25th Cavalry Reconnaissance Squadron. La troop C réalise des reconnaissances entre Joinville et Chaumont. Au-delà de la rive droite de la Marne, sa 1st platoon (peloton) est engagée à 16 h 30 dans un accrochage à Rimaucourt, revendiquant dix tués et 25 prisonniers côté ennemi. C'est cette incursion qui encourage la Compagnie Châtel des FFI à entreprendre la première attaque de la garnison d'Andelot (c'est un échec).

Des soldats du 25th Cavalry Squadron à Joinville. 


2 septembre 1944

121st Cavalry Reconnaissance Squadron. La troop B quitte Colombey-les-Deux-Eglises pour se porter sur Dainville-Bertheléville (Meuse). Durant ce mouvement, elle passe par Vignory où plusieurs photos sont prises par les habitants. De leur côté, la troop B est à Doulaincourt (jusqu'au 8 septembre 1944), la troop C est à Biernes (près de Colombey), tandis que l'état-major et la troop E quittent Vendeuvre-sur-Barse (Aube) pour Blumerey et Doulevant-le-Château.

25th Cavalry Reconnaissance Squadron. La troop C se porte sur Roches-sur-Rognon. 

Une automitrailleuse de la B/121st Cav Rec Sqn à Vignory, le 2 septembre 1944.


5 septembre 1944

121st Cavalry Reconnaissance Squadron. Sa mission est de protéger le flanc droit de la 35th Infantry Division, qui s'est installée dans la région de Joinville en attendant l'arrivée du XV Corps. La majeure partie du squadron (troop E, company F, état-major) s'établit à Rouvroy-sur-Marne. 

La troop A fait mouvement sur Bettaincourt-sur-Rognon. Ses platoons établissent des postes à Montot-sur-Rognon, Reynel et Busson. 

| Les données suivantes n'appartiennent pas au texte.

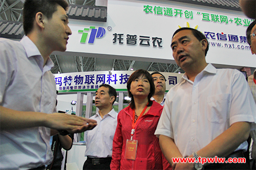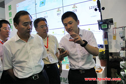 會(huì)議期間,安徽省農(nóng)業(yè)委員會(huì)孫正東主任蒞臨托普云農(nóng)農(nóng)業(yè)物聯(lián)網(wǎng)展區(qū),并細(xì)致觀摩了托普云農(nóng)所展出的大田“四情”監(jiān)控系統(tǒng)、設(shè)施農(nóng)業(yè)監(jiān)控系統(tǒng)、土壤墑情監(jiān)控系統(tǒng)等多種農(nóng)業(yè)物聯(lián)網(wǎng)綜合服務(wù)平臺(tái),以及與之相關(guān)的多種儀器和智能硬件設(shè)備。在參觀過(guò)程之中,孫正東主任詳細(xì)詢問(wèn)了大田“四情”監(jiān)控系統(tǒng)、遠(yuǎn)程傳輸智能蟲(chóng)情測(cè)報(bào)燈、植物本體傳感器、固定式無(wú)線農(nóng)業(yè)氣象綜合監(jiān)測(cè)站等系統(tǒng)設(shè)備。陳曦經(jīng)理為其一一進(jìn)行介紹。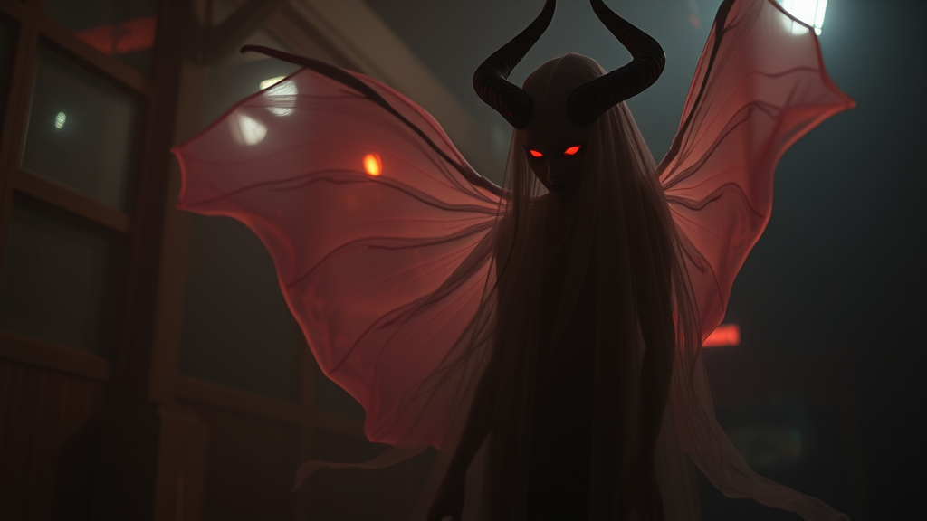 A hauntingly stunning Ghost Jinnat emerges, embodying elements of fear and allure. Picture an ethereal Jinn or Demon in an eerie, nocturnal setting, crafted with Unreal Engine 5; the scene evokes cinematic splendor. With editorial photography capturing the essence, a photoshoot employs a 70 mm lens, utilizing depth of field, tilt shift blur, 1/1000 shutter speed, and F/22 aperture. A masterful balance of 32k resolution with Super-Resolution and Megapixel clarity in ProPhoto RGB heightens the visual feast. VR elevates the experience, exuding an epic aura inspired by artgerm and alex ross. The lighting is a dance of contrasts: halfrear and backlit amidst natural, incandescent, optical fiber, and moody cinematic nuances. Studio setups fuse with soft and volumetric lighting, while contre-jour, dark, accent, global, screen space, and ray tracing bring luminosity, shadows, and ambiance to life. Red rim light accents intersect with a 45% cool color grading, optics, and scattering elements. The imagery glows with shimmering, rough textures via ray tracing reflections, lumen reflections, and screen space reflections, enhanced by diffraction grading, chromatic aberration, GB displacement, and scan lines. Advanced ray tracing, ambient occlusion, anti-aliasing methods (FKAA, TXAA, RTX), SSAO, shaders (OpenGL, GLSL), and post-processing finesse the aesthetic. Bringing cel shading and tone mapping into CGI, VFX, SFX, the result is insane detail, intricate hypermaximalism, elegant hyper realism, and super detail captured in a dynamic, centered pose -- with a photographic touch.
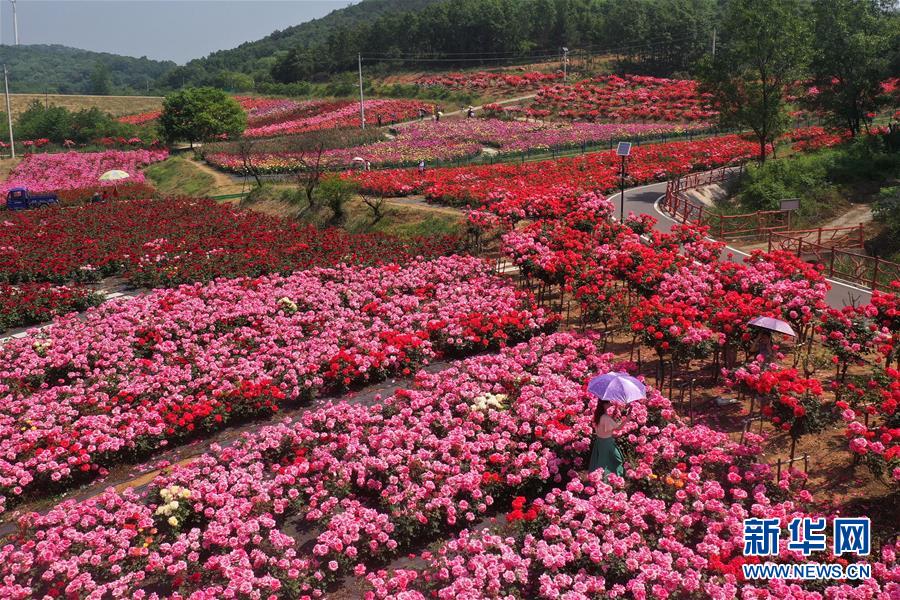 5月2日,游人在湖北省荆门市圣境花谷游玩(无人机照片)。“五一”假日期间,人们以多种方式放松心情、享受假日。新华社发(彭琦摄)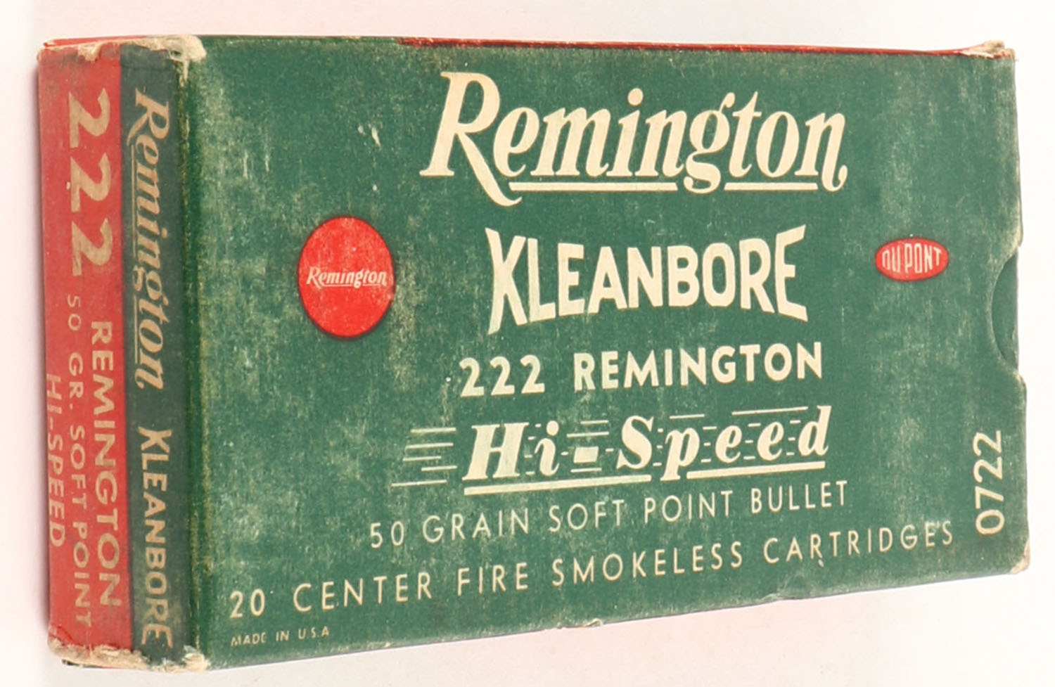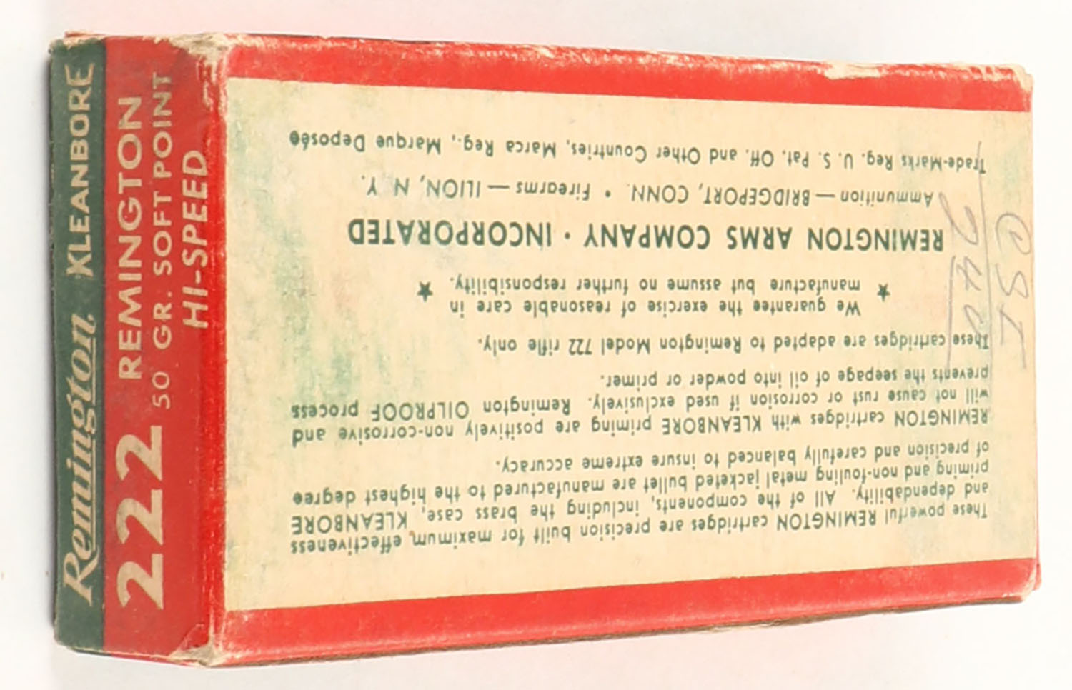 Remington, Kleanbore Hi-Speed, .222 Remington, 50 Grain Soft Point Bullet, Full, 1pc. Green white & red box, box is solid with excellent color, some shelf & corner wear, edges are crisp, end flaps are solid, ammo is excellent. Grade: Excellent - Value: 10 to 50
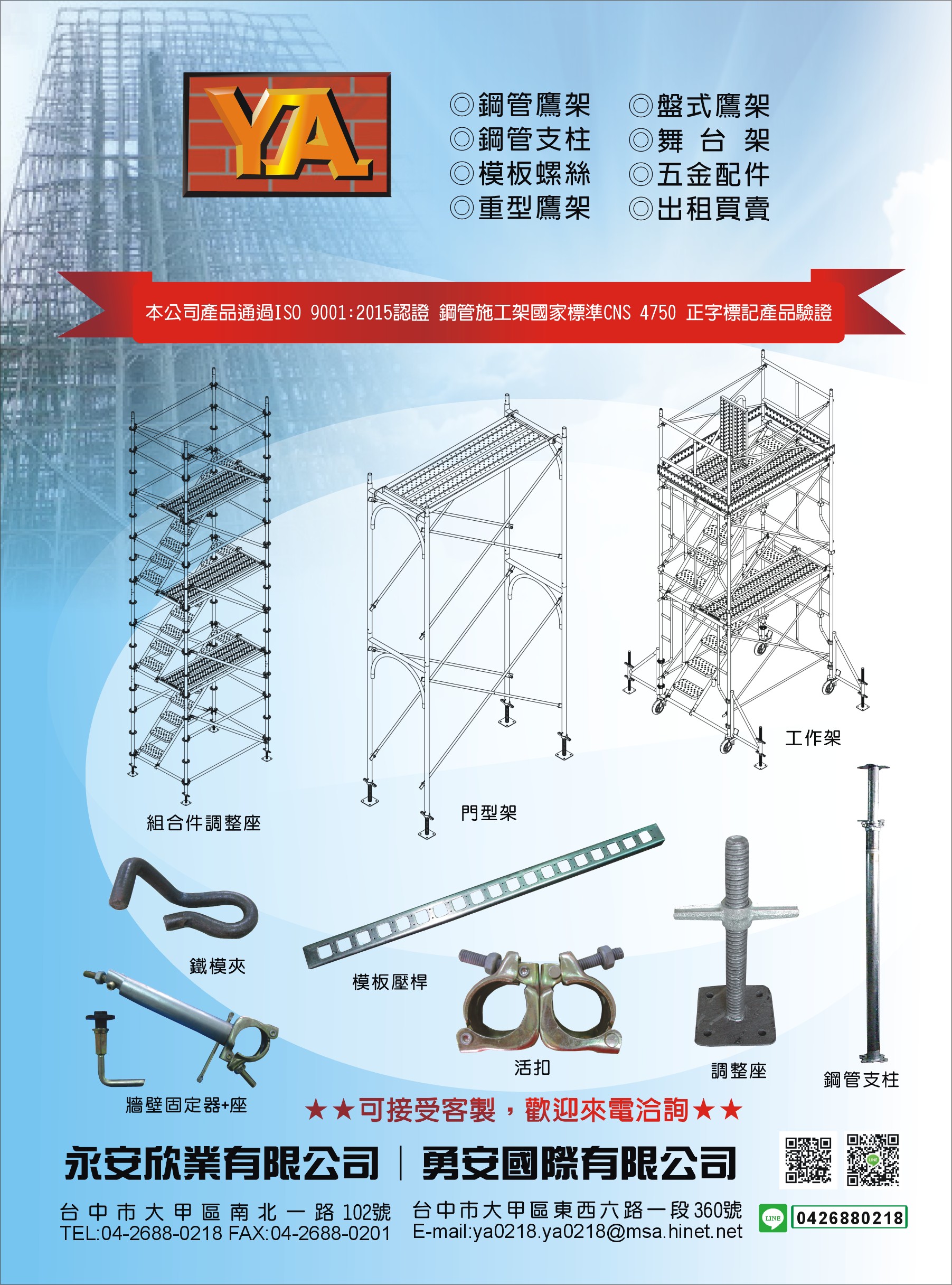 鷹架出租買賣、鋼管鷹架、鋼管支柱、模板螺絲、重型鷹架、盤式鷹架、舞台架、五金配件、鋼管工作架出租買賣、活扣、牆壁固定器+座、管束、鐵模夾、調整座、系統模板、清水模、金屬建築結構、鷹架組件、螺絲、螺帽、螺絲釘、塑膠皮、塑膠布、塑膠板、塑膠管材、五金批發、結構工程、鍍鋅踏板、工作架、活動踏板、鷹架輪、交叉拉桿、平行調整座、U型調整座、平型調整座、牆壁固定器、牆壁固定座、台中鋼管鷹架、台中鋼管支柱、台中模板螺絲、台中重型鷹架、台中盤式鷹架、台中舞台架、台中五金配件、重型鷹架、圓盤系統架、門型架、工作架、模板壓桿、牆壁固定器座、鋼管施工架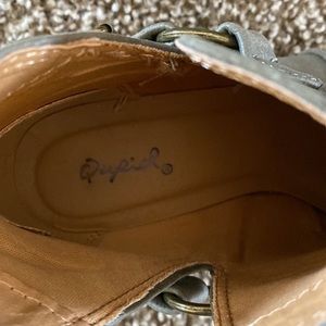 Excellent used condition booties. One flaw that is pictured. Size 5.5, I usually wear a 6 and these fit. I don’t wear these enough to justify keeping them.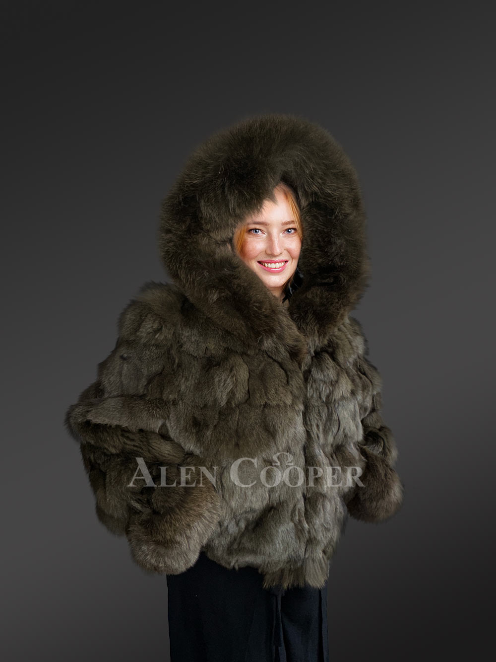 Womens Green Fox Fur Bomber Jacket–Indulge in Luxurious Touch & Feel
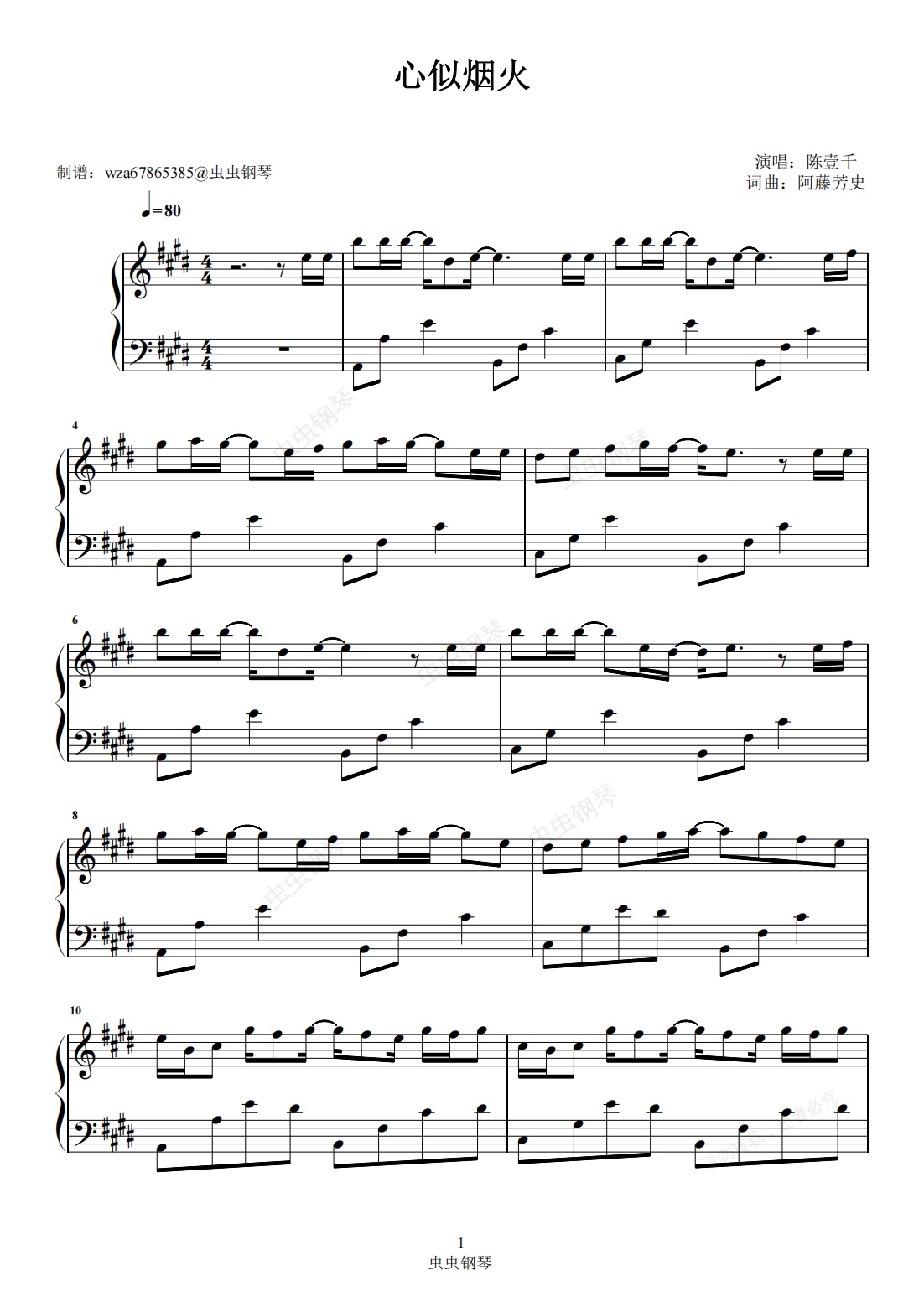 钢琴谱:【心似烟火】阿藤芳史 (Yoshifumi Ato)钢琴谱-陈壹千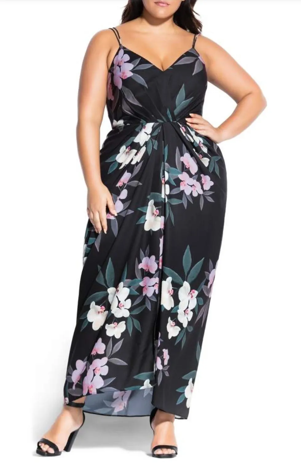 Style: Maxi Dress Length: Long Color: Black Department: Women Pit-Pit: 18 in Sleeve Length: Sleeveless Pattern: Floral Occasion: Party/Cocktail, Casual, Travel Material: Polyester Neckline: V-Neck Fabric Type: Chiffon Character: Boho, Floral Season: Summer, Spring Sleeve Type: Strappy Sleeve Closure: Zip # City Chic dress, maxi dress, floral dress, plus size dress, sleeveless dress, black floral dress, women's dress, summer dress, casual dress, party dress, special occasion dress, size 14 dress, XS dress, vacation dress, boho dress I ship out items Monday-Friday. • All items come from a pet-free, smoke-free home. • Please compare the measurements to something you already own. Thank you for visiting my store.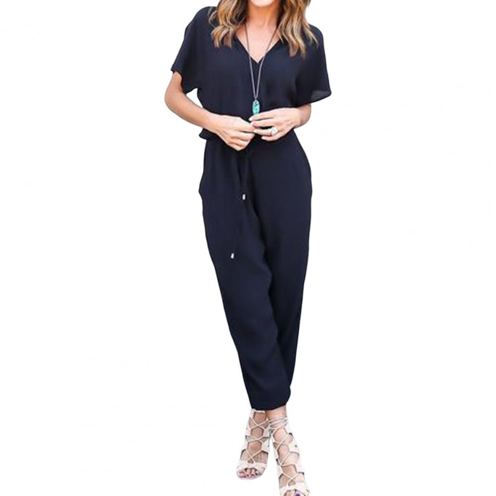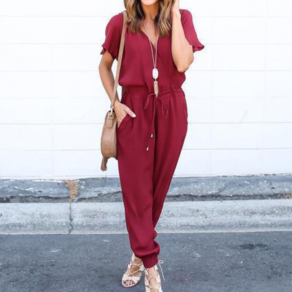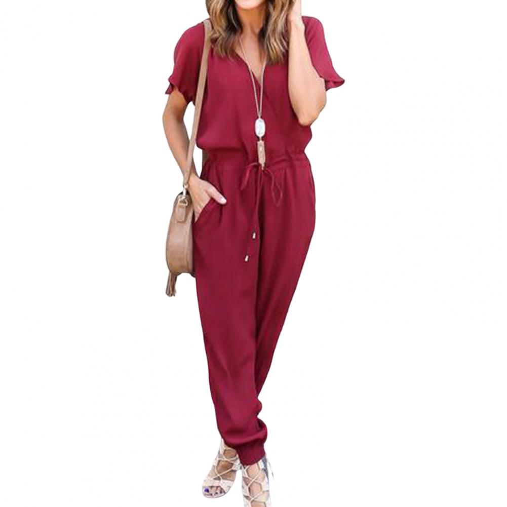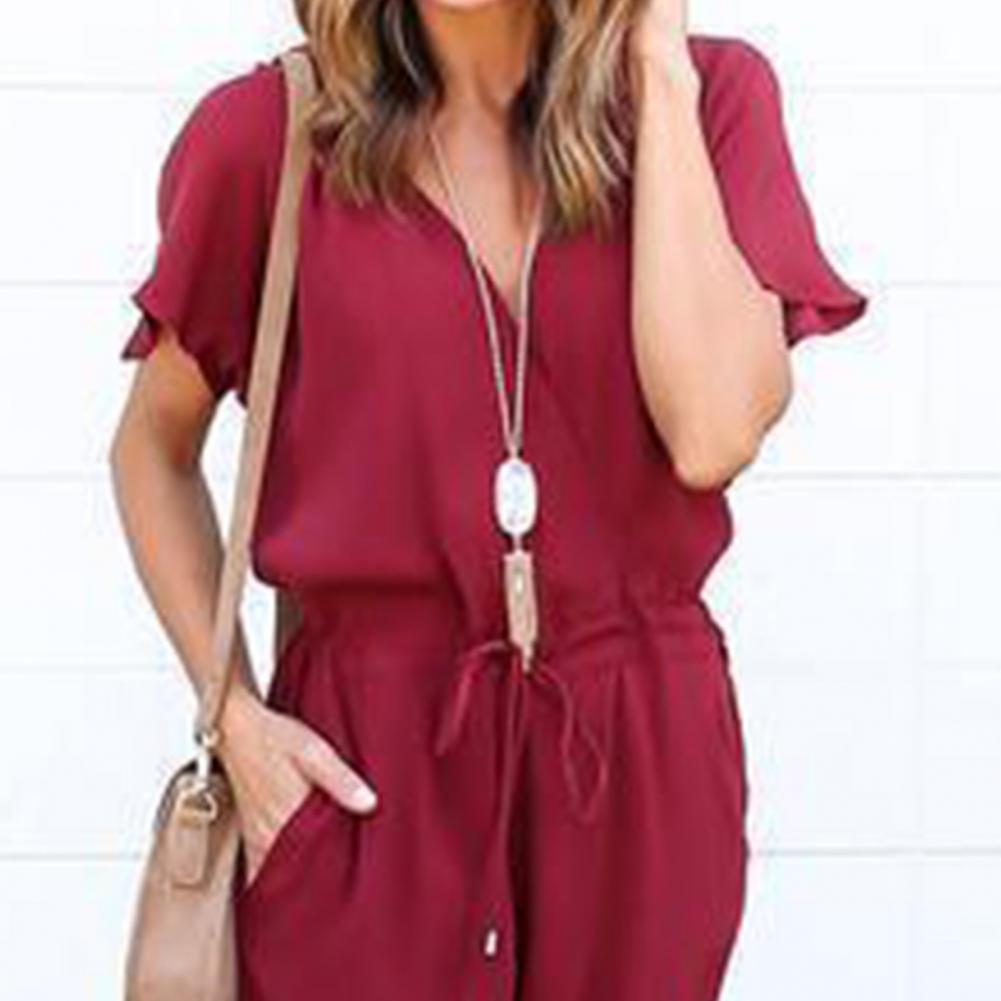 Женский комбинезон, сплошной цвет, глубокий v-образный вырез, эластичная резинка на талии, короткий рукав, Летний комбинезон, повседневная одежда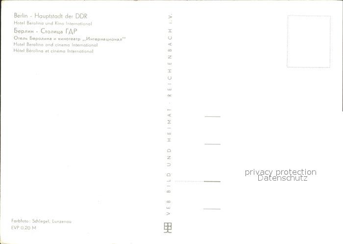 72325067 BERLIN CITY Hotel Berolina und Kino International postalisch nicht gelaufen Erhaltung siehe scans KatCode: 11110011000000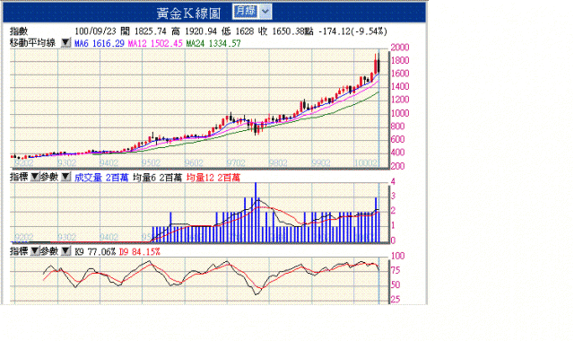 chiahsunyeh wrote:來張拉遠一點的圖任何...(恕刪) +1感謝提供這張長期趨勢圖,相對於日線圖,這張圖更清楚,更為宏觀多了...趨勢尚未改變之前,還是順勢而為吧...另外,感謝Windwaker,小弟受教了,這部份我們怎麼也無法有共識,只有彼此祝福囉,就讓事實與歷史的循環,來證明一切吧。

La troop C, qui est toujours à Biernes, déplore la disparition au combat du caporal Morris H. Lance et du soldat Louis A. Laudiero. Il s'agit vraisemblablement des victimes d'une embuscade, le même jour, à Brethenay. Le 5 septembre 1944, en effet, selon les témoignages d'habitants de la région, quatre Américains à bord d'une jeep sont allés recueillir des renseignements sur un pilote américain et son passager, le lieutenant Rollin Francis Wade (1915-1992) et le sous-lieutenant James Hunter Munford (1913-1989), dont le Piper Cub L-4 est tombé à proximité de Condes le 1er septembre 1944 - ces deux officiers, affectés au 752nd Field Artillery Battalion, avaient été fait prisonniers, et peut-être enfermés dans l'établissement La Chaumière entre Brethenay et Chaumont. Les quatre Américains auraient été tués dans l'embuscade, dont un officier (que nous avons enfin pu identifier et à qui nous consacrerons un prochain article). 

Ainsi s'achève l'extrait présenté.